Hence, the correct answer is option 4.

Key Points

• Restriction enzymes, also known as restriction endonucleases, are enzymes that recognize specific DNA sequences and cleave the DNA at or near these recognition sites.
• They are commonly used in molecular biology and genetic engineering to manipulate DNA.
• Recognition Sequence:
  • Each restriction enzyme recognizes a specific DNA sequence, typically 4 to 8 base pairs in length. This sequence is usually palindromic, meaning it reads the same on both DNA strands when read in opposite directions.
• Cutting Types:
  • Restriction enzymes can cut DNA in two different ways: blunt ends and sticky ends.
• Blunt Ends:
  • Some restriction enzymes cut DNA straight across both DNA strands, resulting in blunt ends with no overhanging nucleotides.
• Sticky Ends:
  • Other restriction enzymes create staggered cuts, producing fragments with short single-stranded overhangs called sticky ends. These sticky ends can form base pairs with complementary sequences, allowing for the joining of DNA fragments from different sources.
• Nomenclature:
  • Restriction enzymes are named using a combination of letters and numbers. The letter(s) represent the genus or species from which the enzyme is derived, and the number indicates the order of discovery. For example, EcoRI is derived from E. coli and was the first enzyme discovered in the "R" series.
• Sources:
  • Restriction enzymes are naturally produced by bacteria and archaea as a defense mechanism against foreign DNA, such as bacteriophages. They recognize specific DNA sequences and cleave the DNA to prevent infection by foreign genetic material.
• Applications:
  • Restriction enzymes have numerous applications in molecular biology, including DNA cloning, gene expression analysis, DNA sequencing, and genetic engineering.
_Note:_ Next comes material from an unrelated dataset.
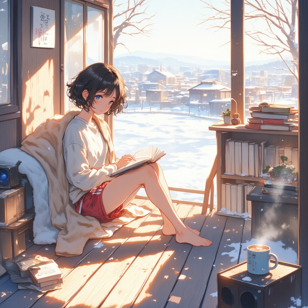 A young girl sitting on a wooden veranda illuminated by the pale sunlight of a tranquil winter afternoon. She wears a classic Japanese gym uniform: a white long-sleeved T-shirt and bright red bloomers,with her bare feet resting naturally on the wooden planks,slightly pink from the chilly air. A fluffy blanket is draped casually over her lap,offering warmth as she immerses herself in an open book. Her expressive blue eyes reflect her curiosity,while her dark,slightly wavy hair frames her face,gently tousled by the crisp winter breeze. Around her,a small bookshelf filled with books,a mug of steaming hot cocoa on a nearby table,and a portable speaker playing soft music add to the cozy atmosphere. In the background,a serene winter landscape unfolds,with bare trees and distant snow-covered hills,creating a peaceful seasonal ambiance.,

They are used to cut DNA at specific sites, create recombinant DNA molecules, and analyze DNA fragments by gel electrophoresis.

Important Points

•  Based on the provided restriction profiles, we can infer the following:
  • E1 cuts the 4.8 kb plasmid into two fragments: a 500 bp fragment and a 4.3 kb fragment.
  • E2 cuts the 4.8 kb plasmid into two fragments: a 400 bp fragment and a 4.4 kb fragment.
  • E3 cuts the 4.8 kb plasmid into two fragments: a 2 kb fragment and a 2.8 kb fragment.
  • E4 cuts the 4.8 kb plasmid into two fragments: a 1.9 kb fragment and a 2.9 kb fragment.
• From these observations, we can determine theoverlapping regions of the cuts made by the enzymes:
  • E1 and E2 have a common 4.3 kb fragment.
  • E2 and E3 have a common 4.4 kb fragment.
  • E1 and E4 have a common 2.9 kb fragment.
• By combining this information, we can conclude that the enzyme E2 is the only one that cuts between the E1 and E3 sites.
• E2 leaves a 400 bp fragment when cutting the 4.8 kb plasmid, which is not observed with any other enzyme.
• Therefore, E2 must have recognition sites on both sides of the 4.4 kb fragment it produces.
• The resulting analysis shows the locations of the recognition sites for each enzyme and the sizes of the fragments they produce.